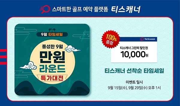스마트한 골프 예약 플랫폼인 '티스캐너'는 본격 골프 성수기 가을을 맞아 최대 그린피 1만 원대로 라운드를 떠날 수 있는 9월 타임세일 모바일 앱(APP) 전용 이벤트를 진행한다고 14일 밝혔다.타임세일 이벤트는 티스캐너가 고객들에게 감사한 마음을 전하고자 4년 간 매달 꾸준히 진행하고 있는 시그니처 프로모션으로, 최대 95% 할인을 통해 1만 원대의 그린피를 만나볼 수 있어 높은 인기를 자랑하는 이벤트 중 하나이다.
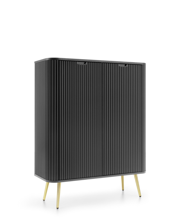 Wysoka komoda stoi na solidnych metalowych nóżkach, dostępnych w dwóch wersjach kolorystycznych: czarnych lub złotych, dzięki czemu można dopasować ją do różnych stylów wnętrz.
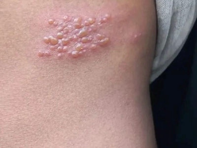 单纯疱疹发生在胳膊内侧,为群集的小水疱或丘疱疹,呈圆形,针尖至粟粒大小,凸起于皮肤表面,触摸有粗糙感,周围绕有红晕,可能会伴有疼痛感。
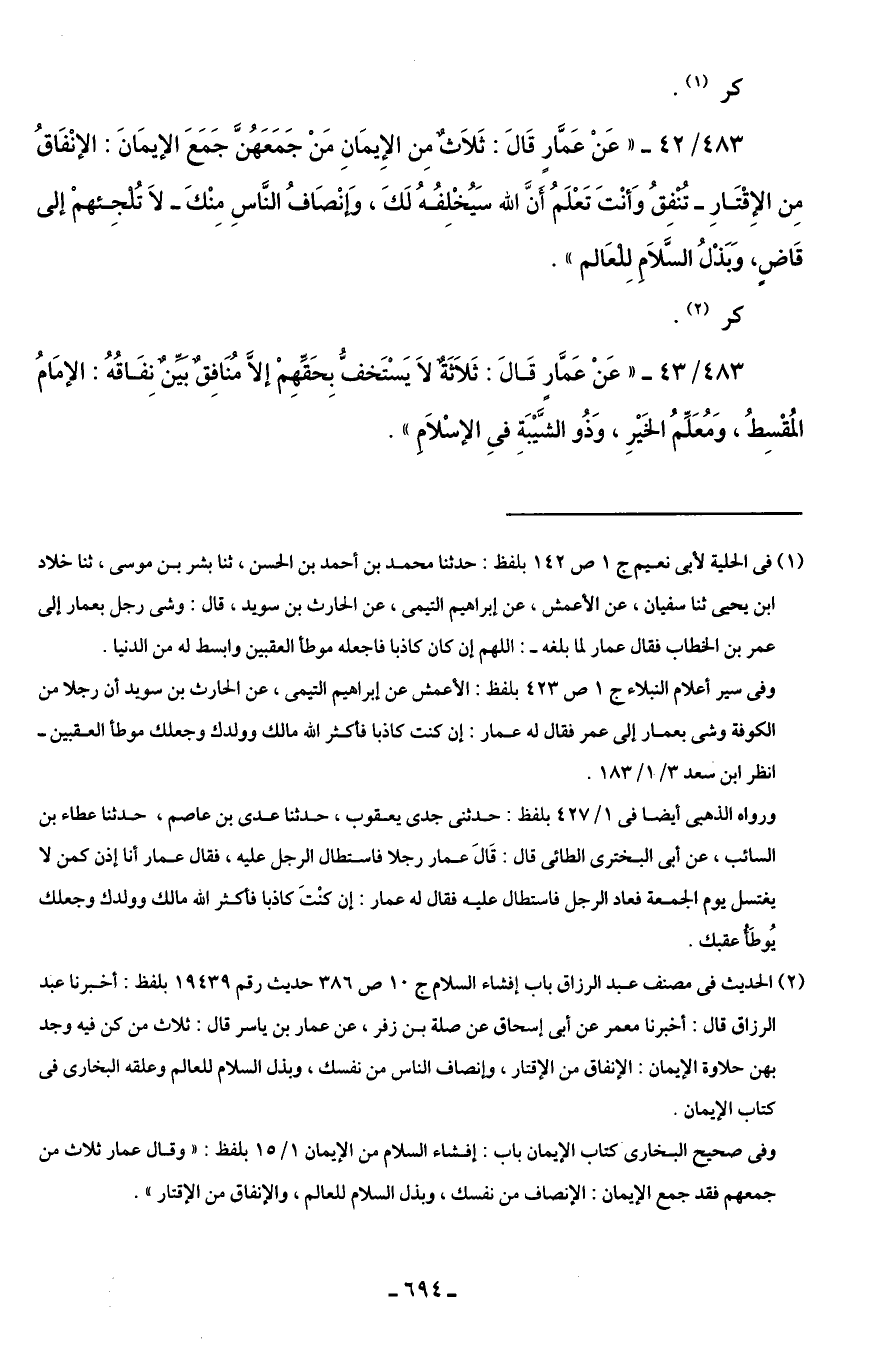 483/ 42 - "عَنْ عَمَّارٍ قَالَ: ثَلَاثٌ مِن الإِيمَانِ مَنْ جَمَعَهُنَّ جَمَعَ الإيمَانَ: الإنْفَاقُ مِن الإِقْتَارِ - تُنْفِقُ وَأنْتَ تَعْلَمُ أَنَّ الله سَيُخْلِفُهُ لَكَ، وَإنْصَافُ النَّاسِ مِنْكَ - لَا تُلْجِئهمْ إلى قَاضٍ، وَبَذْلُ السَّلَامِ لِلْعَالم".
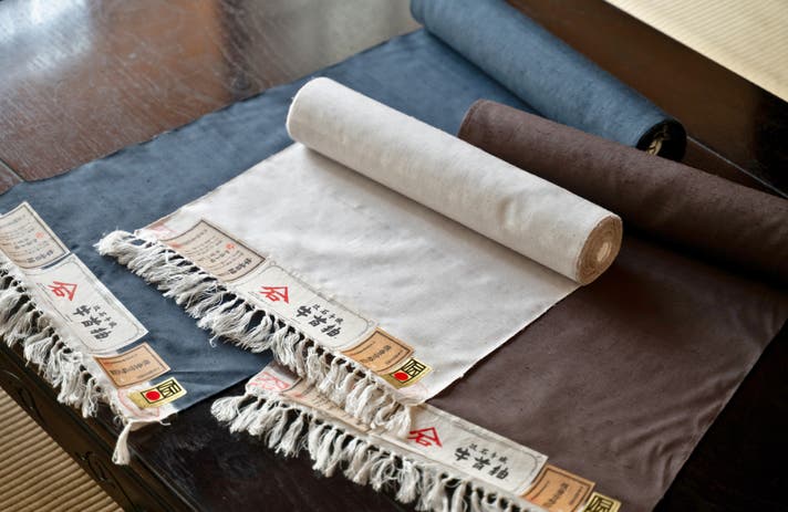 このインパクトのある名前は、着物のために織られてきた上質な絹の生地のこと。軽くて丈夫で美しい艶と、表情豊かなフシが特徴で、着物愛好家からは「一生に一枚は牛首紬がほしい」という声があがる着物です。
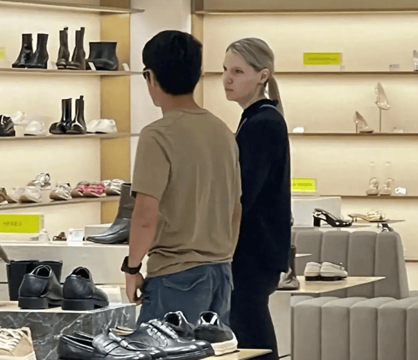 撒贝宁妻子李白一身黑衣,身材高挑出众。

--

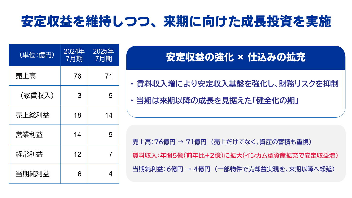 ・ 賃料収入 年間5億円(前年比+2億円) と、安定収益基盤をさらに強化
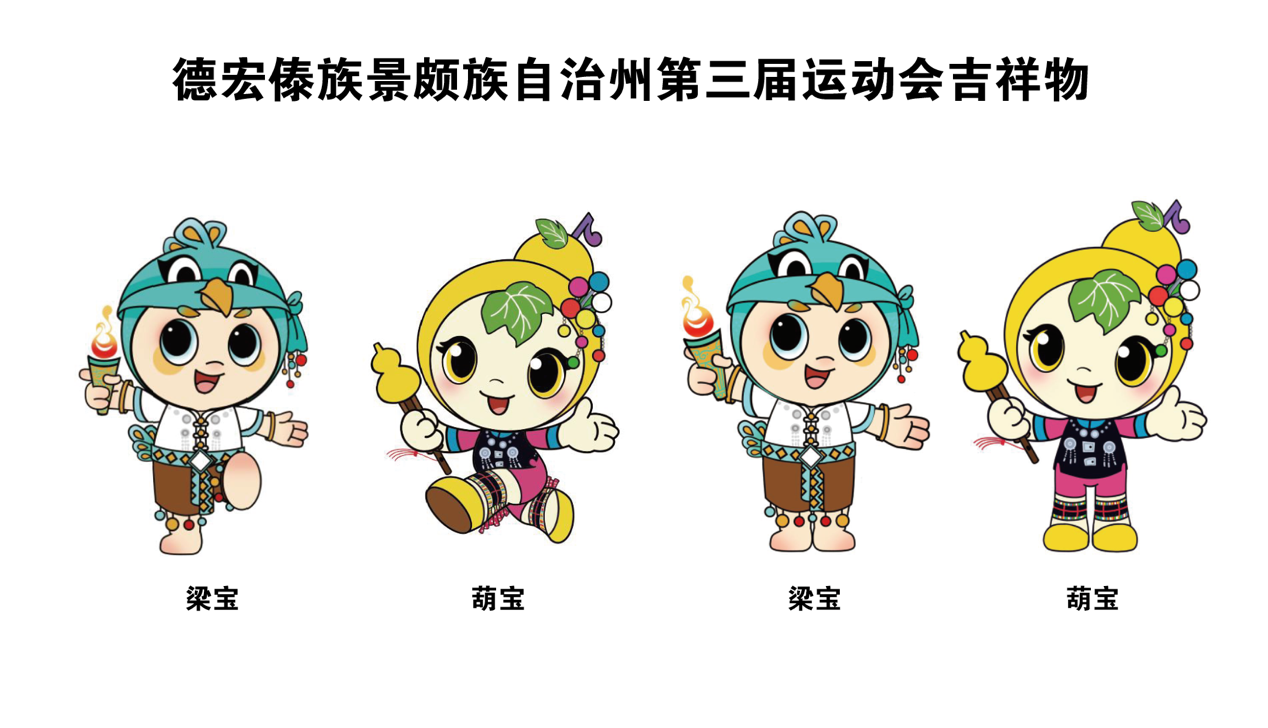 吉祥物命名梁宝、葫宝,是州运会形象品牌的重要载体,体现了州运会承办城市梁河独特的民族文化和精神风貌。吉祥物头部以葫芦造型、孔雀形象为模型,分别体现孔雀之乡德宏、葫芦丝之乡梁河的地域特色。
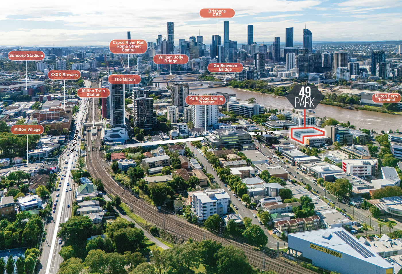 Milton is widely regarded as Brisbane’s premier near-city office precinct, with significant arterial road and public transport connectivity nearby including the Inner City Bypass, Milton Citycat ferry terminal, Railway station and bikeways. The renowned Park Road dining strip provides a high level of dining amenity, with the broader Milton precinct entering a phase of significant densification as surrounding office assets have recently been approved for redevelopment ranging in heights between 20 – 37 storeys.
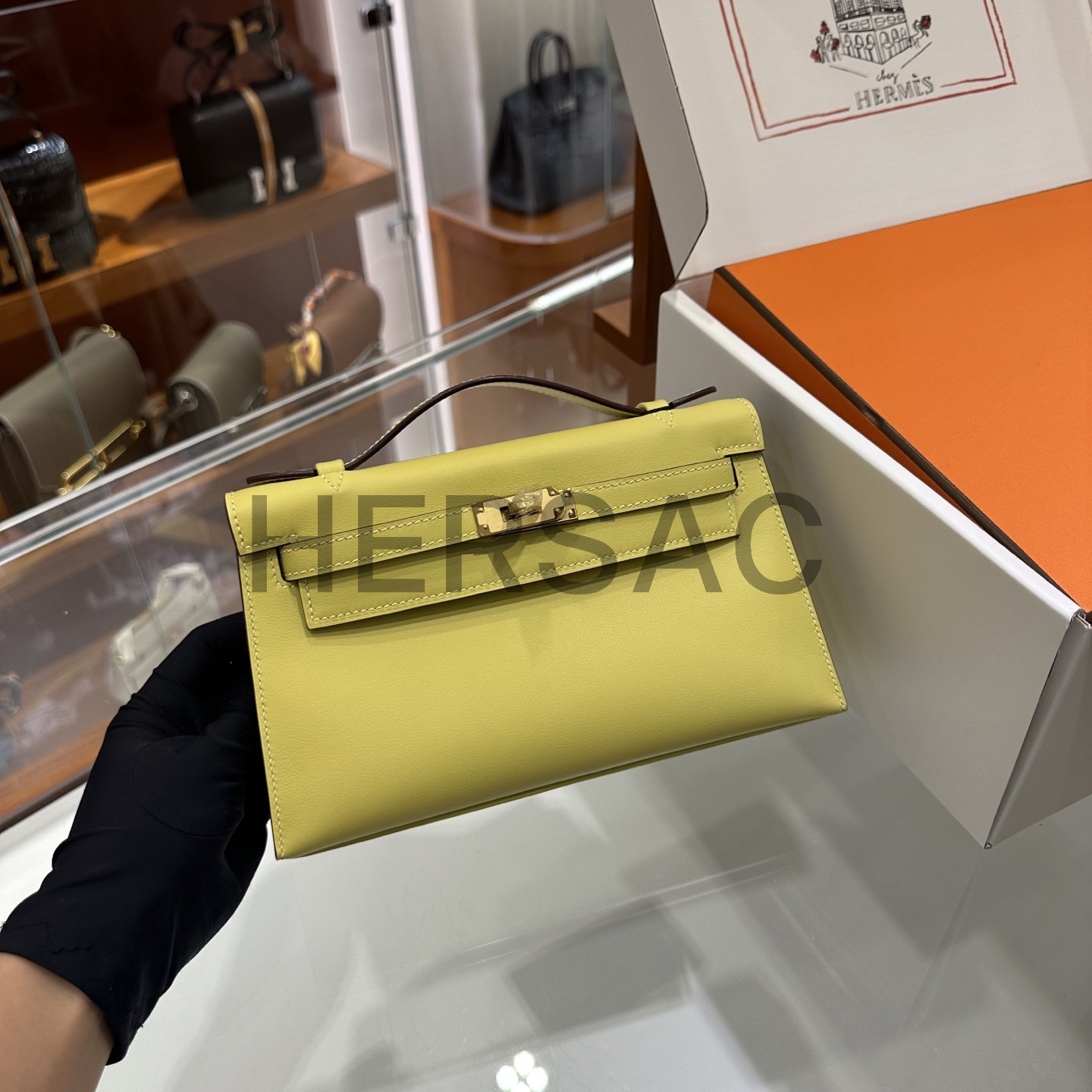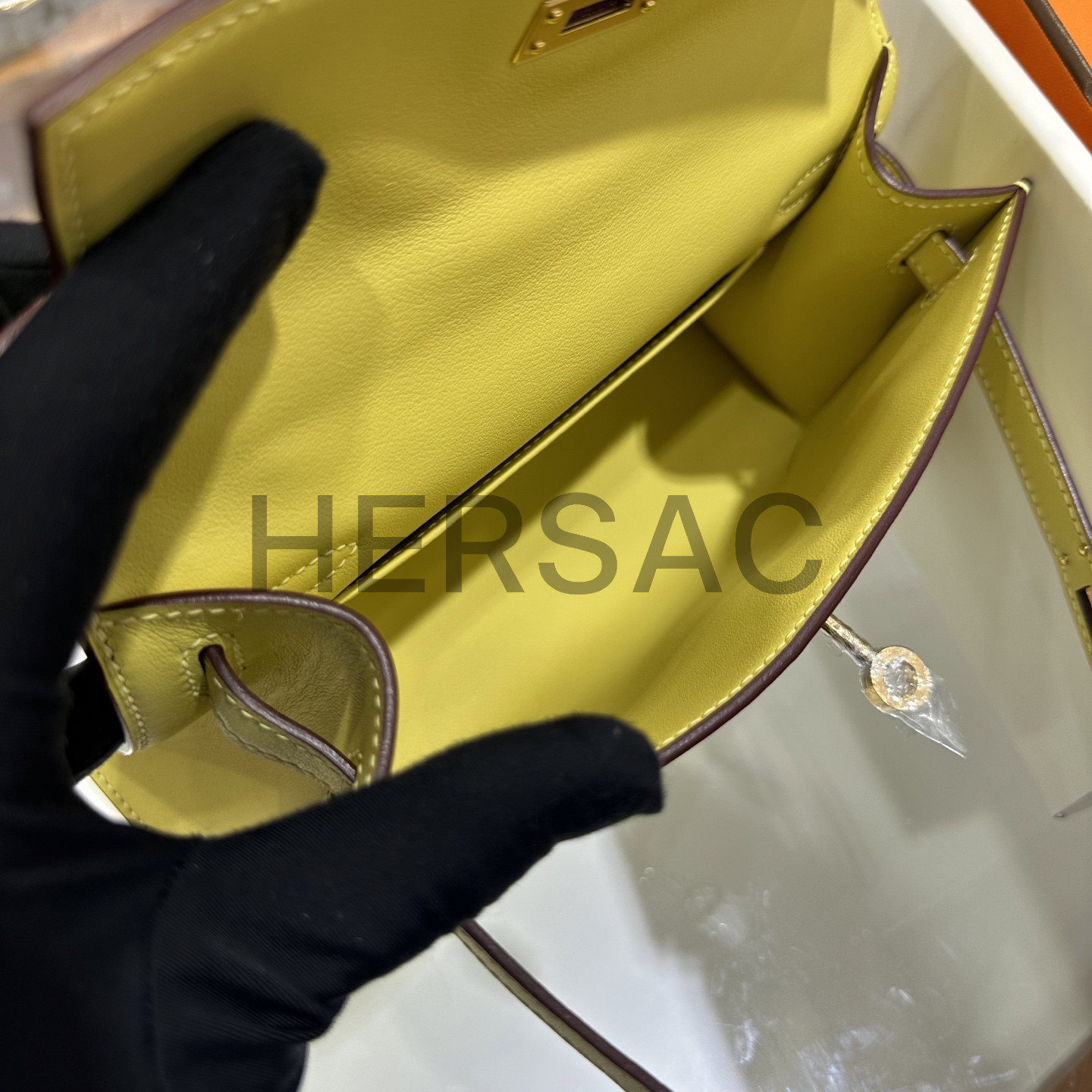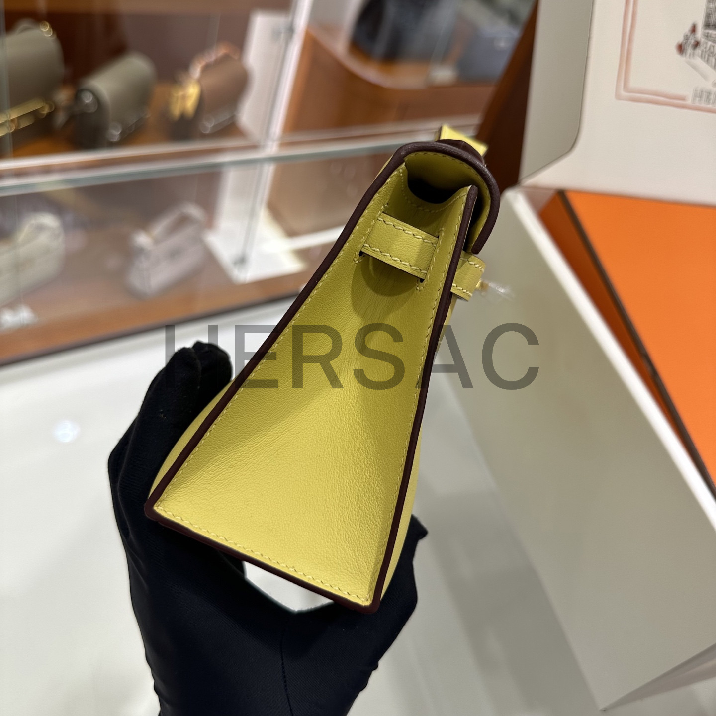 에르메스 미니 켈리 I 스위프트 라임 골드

* * *

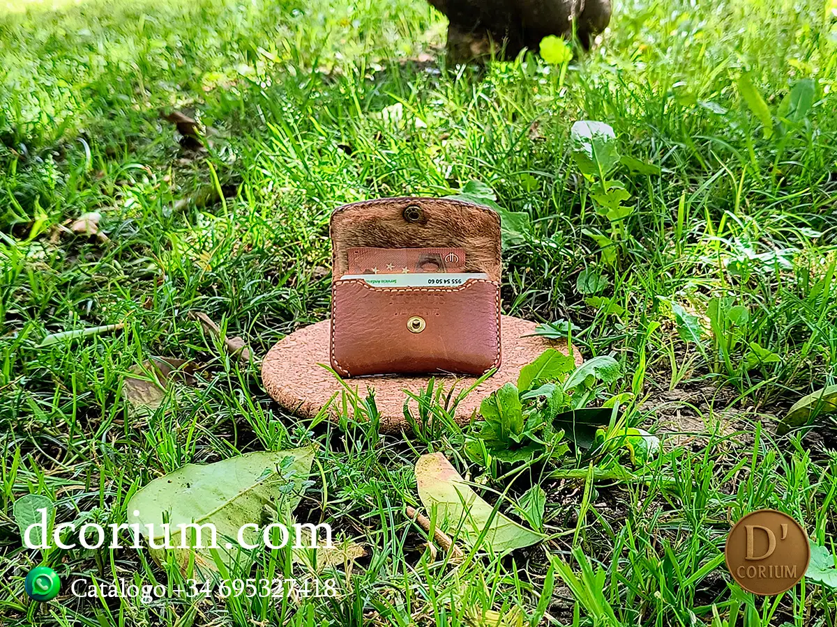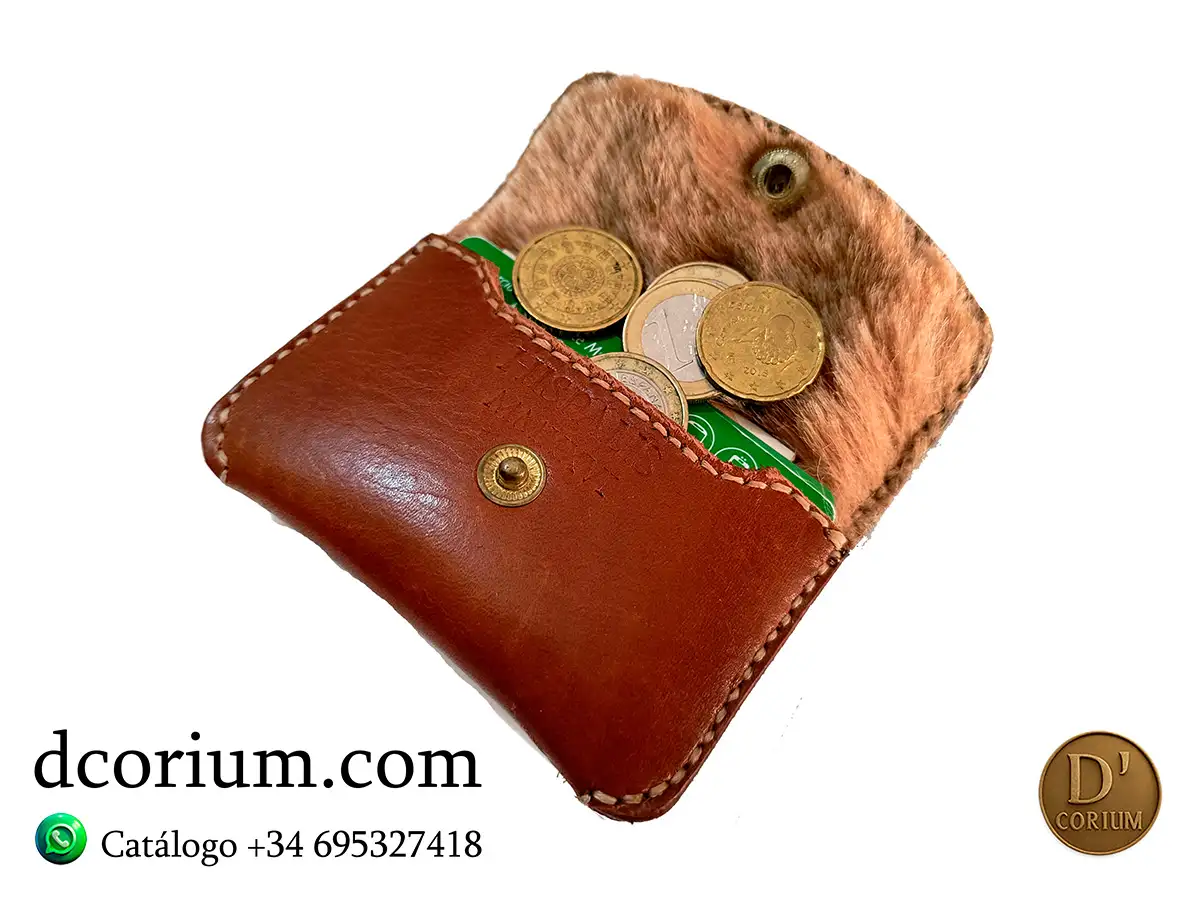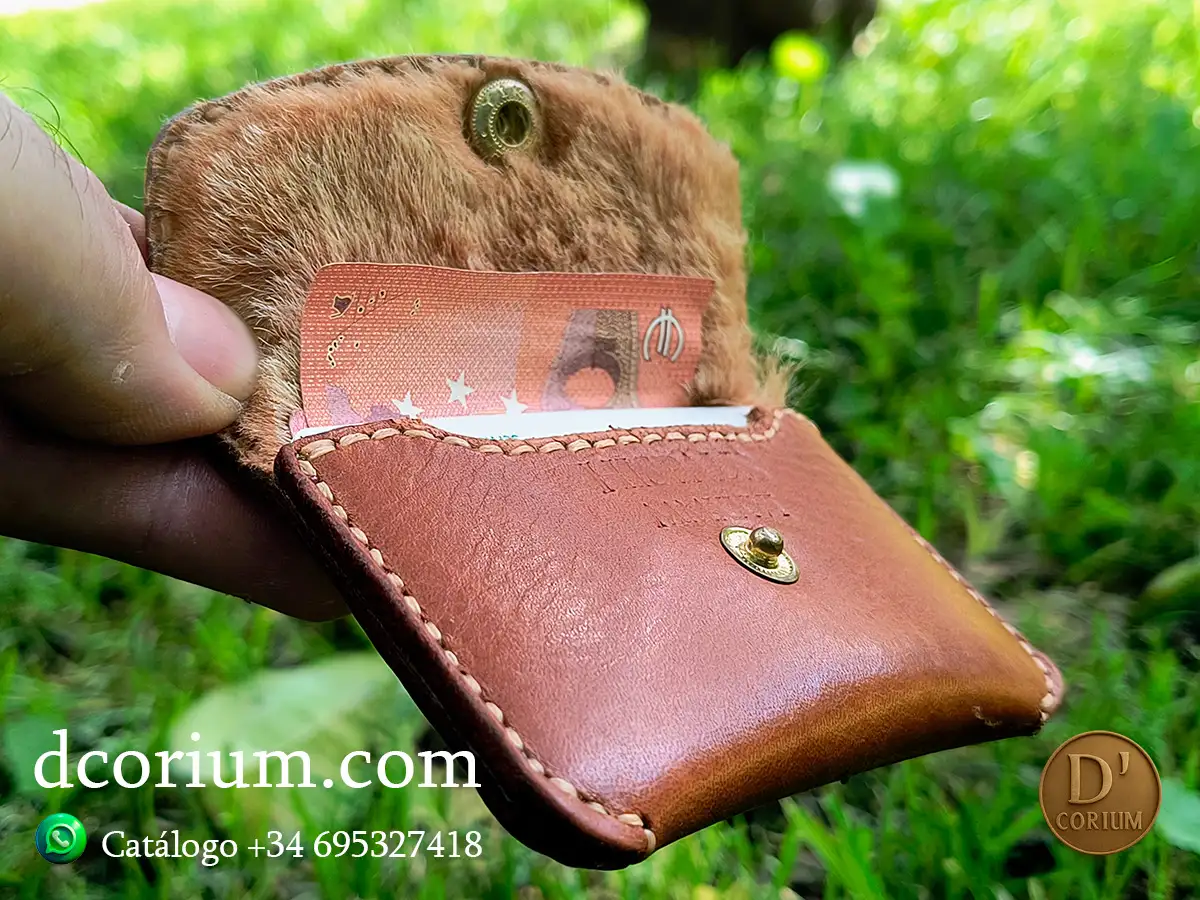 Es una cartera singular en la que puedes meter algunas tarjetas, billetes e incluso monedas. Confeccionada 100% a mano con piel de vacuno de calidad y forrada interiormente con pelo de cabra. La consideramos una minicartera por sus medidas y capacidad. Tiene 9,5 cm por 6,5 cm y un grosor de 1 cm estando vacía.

Required action: Please repeat, exactly as written, the lines in the records above, starting with the one that has "賃料収入 年間5億円(前年比+2億円) と、安定収益基盤をさらに強化" and going on through the one that has "吉祥物命名梁宝、葫宝,是州运". Pictures are to be left out.

Task answer:
 ・ 賃料収入 年間5億円(前年比+2億円) と、安定収益基盤をさらに強化
 吉祥物命名梁宝、葫宝,是州运会形象品牌的重要载体,体现了州运会承办城市梁河独特的民族文化和精神风貌。吉祥物头部以葫芦造型、孔雀形象为模型,分别体现孔雀之乡德宏、葫芦丝之乡梁河的地域特色。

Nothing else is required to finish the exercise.